Abstract
Anemia is one of the modifiable risk factors for the development of left ventricular hypertrophy (LVH) in patients with chronic kidney disease (CKD). However, there are not enough studies on the effect of iron metabolism on left ventricular geometry.
 Materials and Methods. The authors examined 147 patients (69 males and 78 females) with CKD undergoing long-term hemodialysis. The mean age was 55.6±13.4 years. Median dialysis treatment was
 3 [2; 5] years. Kt/V index was 1.52±0.2. Based on the echocardiogram data, we calculated left ventricular mass (LVM), left ventricular mass index (LVMI), relative wall thickness index (RWTI), intima, and medium fiber fractional shortening. Ferritin, transferrin, and transferrin saturation were also determined.

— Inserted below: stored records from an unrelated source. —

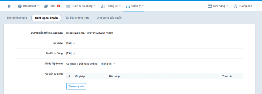 Bước 1: Truy cập OA Zalo > Quản lý > Thông tin tài khoản > Thiết lập tài khoản
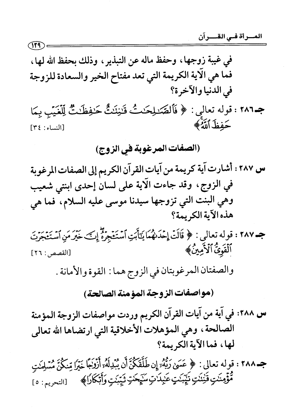 (س 288:) في آية من آيات القرآن الكريم وردت مواصفات الزوجة المؤمنة الصالحة، وهي المؤهلات الأخلاقية التي ارتضاها الله تعالى لها، فما الآية الكريمة؟
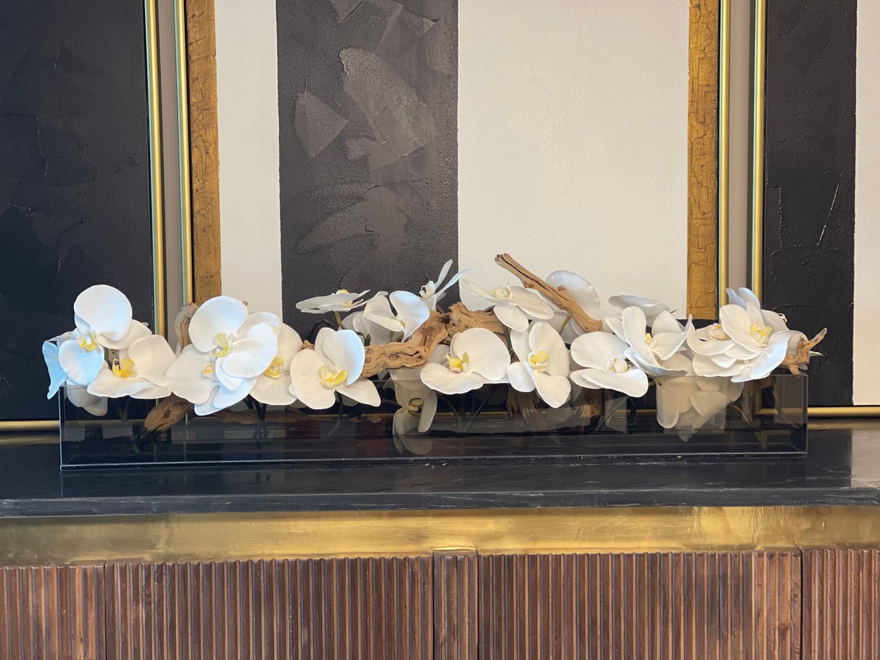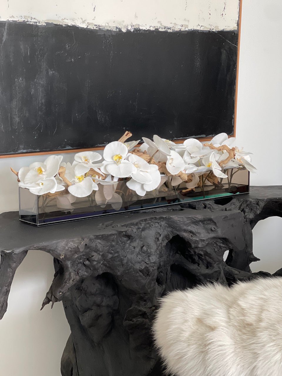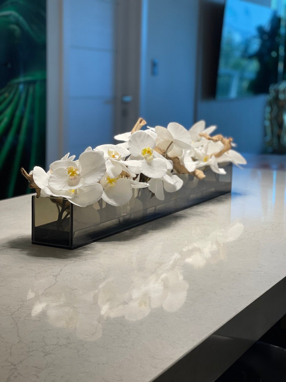 Be the first to review “36″ Casa Moderna Black Tinted Glass Plate Planter with white Phalaenopsis orchids”
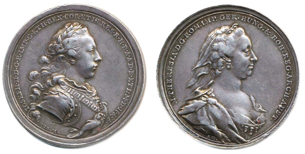 A.Widemann - na převzetí titulu římského císaře a nastoupení spoluvlády s Marií Teresií b.l. (1765), poprsí Josefa II. zprava, opis / poprsí Marie Teresie zprava s vdovským závojem, opis Sign., A.W., Wideman, Ag 42 mm, 26,14 g, Nov.XV/L-7b, Mo.1959_R!
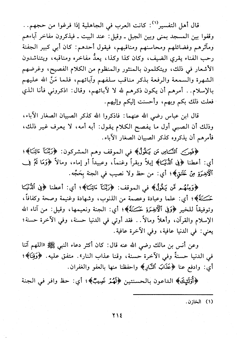 وعن أنس بن مالك رضي الله عنه قال: كان أكثر دعاء النبي - صلى الله عليه وسلم - "اللهم آتنا في الدنيا حسنةً وفي الآخرة حسنة، وقنا عذاب النار". متفق عليه. {وَقِنَا}؛ أي: وادفع عنا {عَذَابَ النَّارِ} واحفظنا منها بالعفو والغفران.
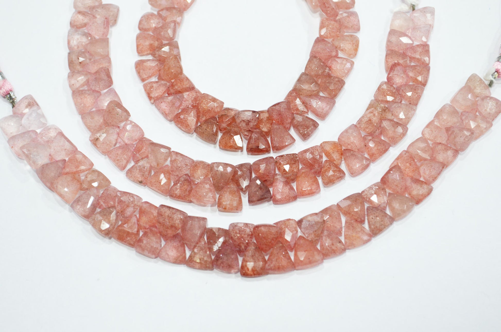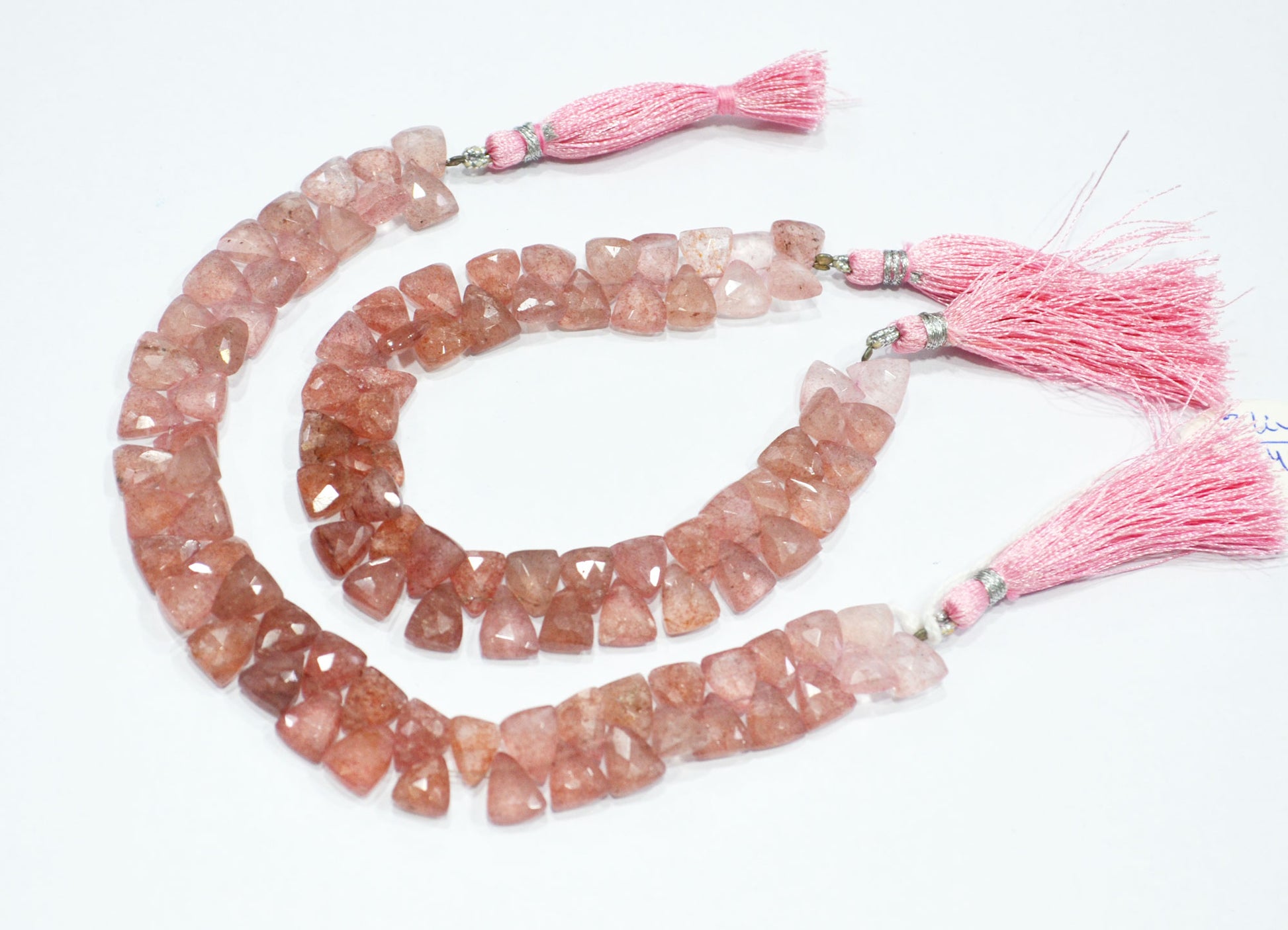 Natural Red Strawberry Trillion Shape Beads , Red Strawberry Faceted Briolettes , Sold By Strand , 8 Inches , 8x9 - 9x10 mm , 19455
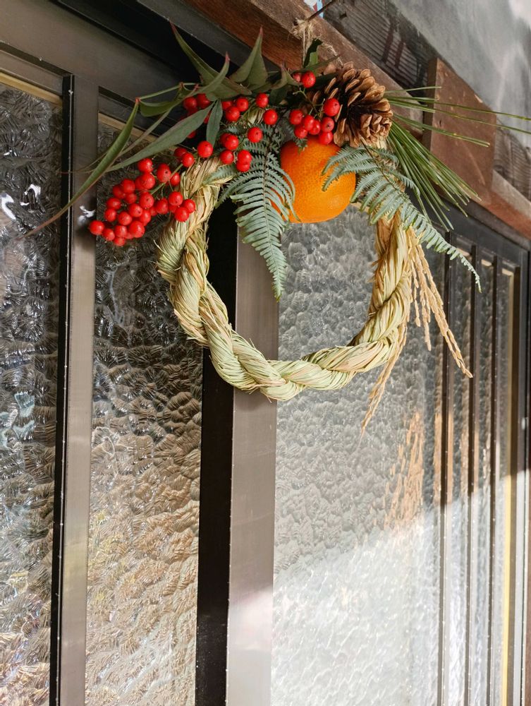 あり合わせのものをくっつけたような、しめ縄飾りですが😅💦
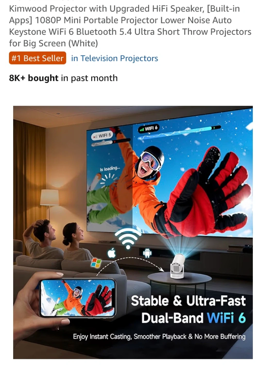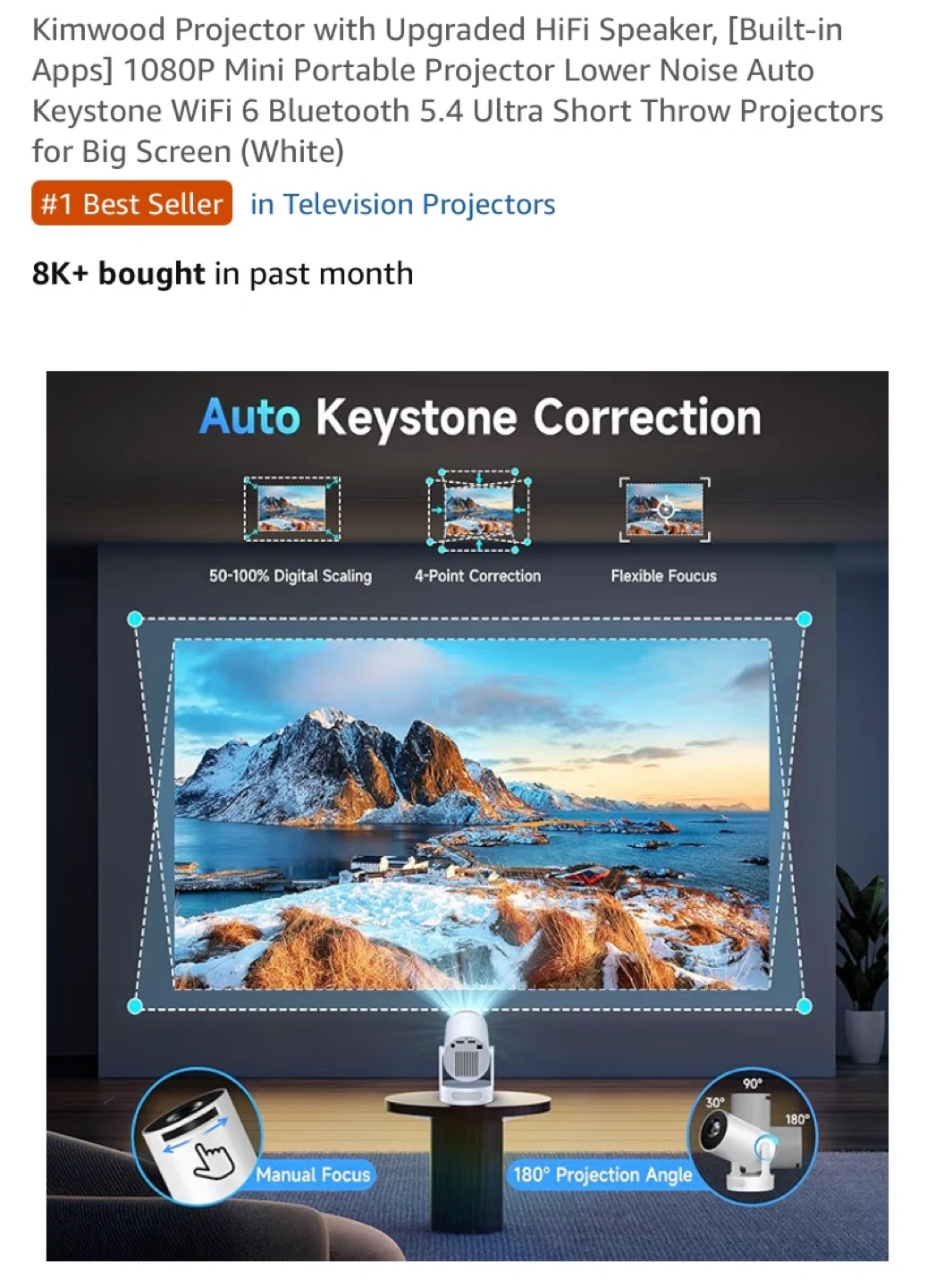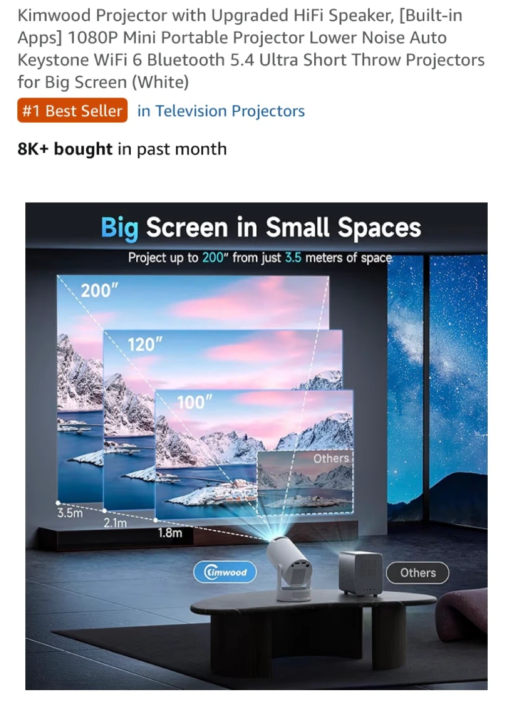 It has a built-in HiFi speaker and supports WiFi 6 and Bluetooth 5.4. It's also great for big screen viewing in smaller spaces, projecting up to 200" from just 3.5 meters away! Enjoy portable entertainment anywhere!
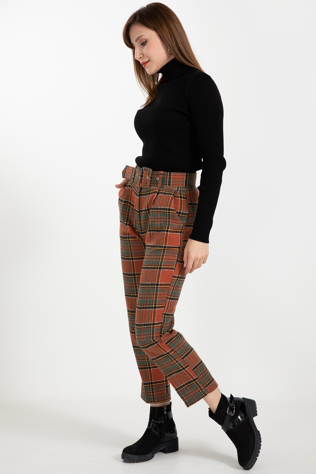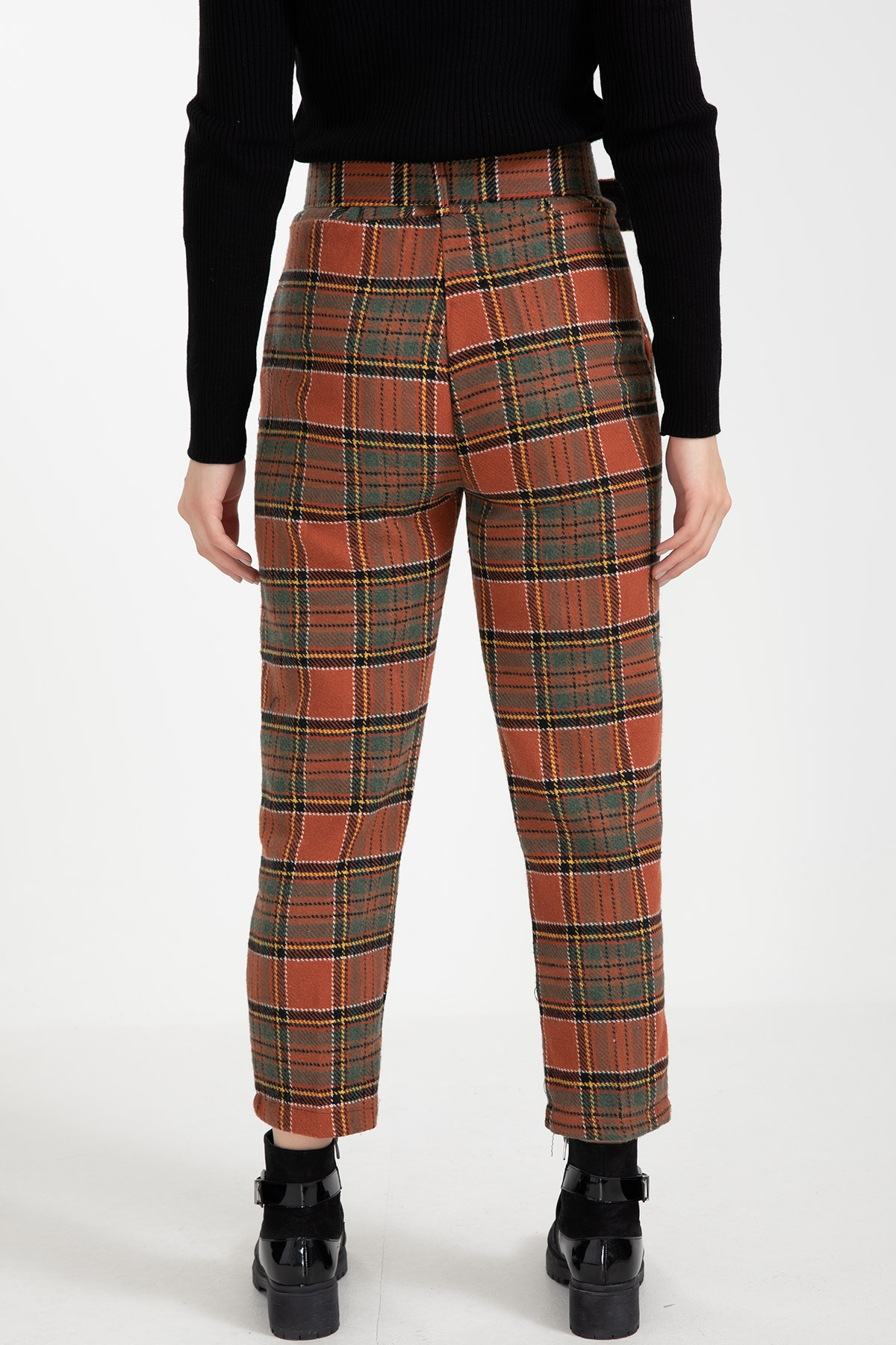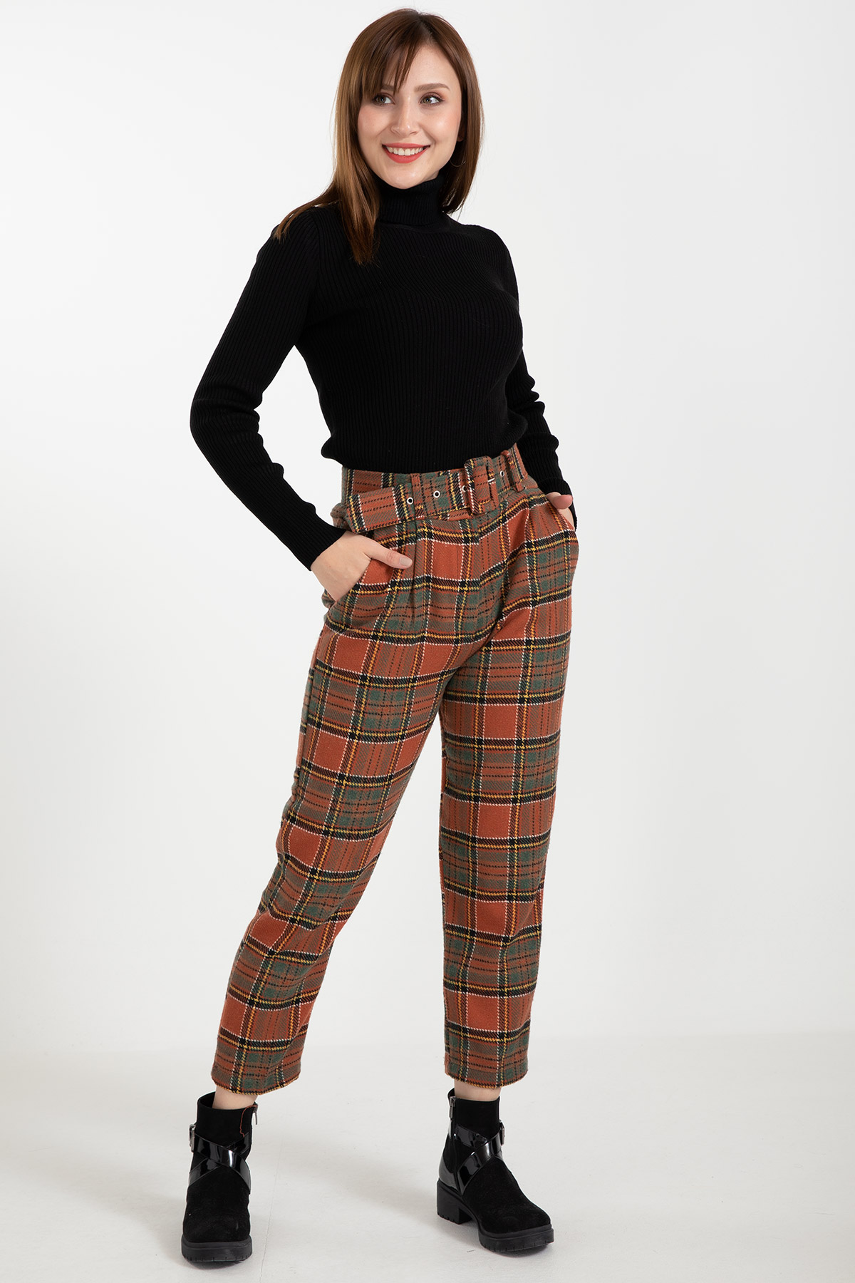 Ekose Kemerli Pantolon-Kiremit

 Results. Changes in LV geometry were detected in 124 (84.4 %) patients. Higher LVMI, and RWTI parameters were observed in the group of patients with hemoglobin <100 g/l. Patients with ferritin levels >800 ng/l demonstrated higher end-systolic dimension and lower left ventricular ejection fraction compared to patients with ferritin levels <500 ng/mL.
 Conclusion. Structural and functional indicators of the heart in patients undergoing long-term hemodialysis correlate not only with hemoglobin level, but also with indicators of iron metabolism (ferritin, transferrin, and transferrin saturation). In patients with a high ferritin level, left ventricle functional parameters are lower.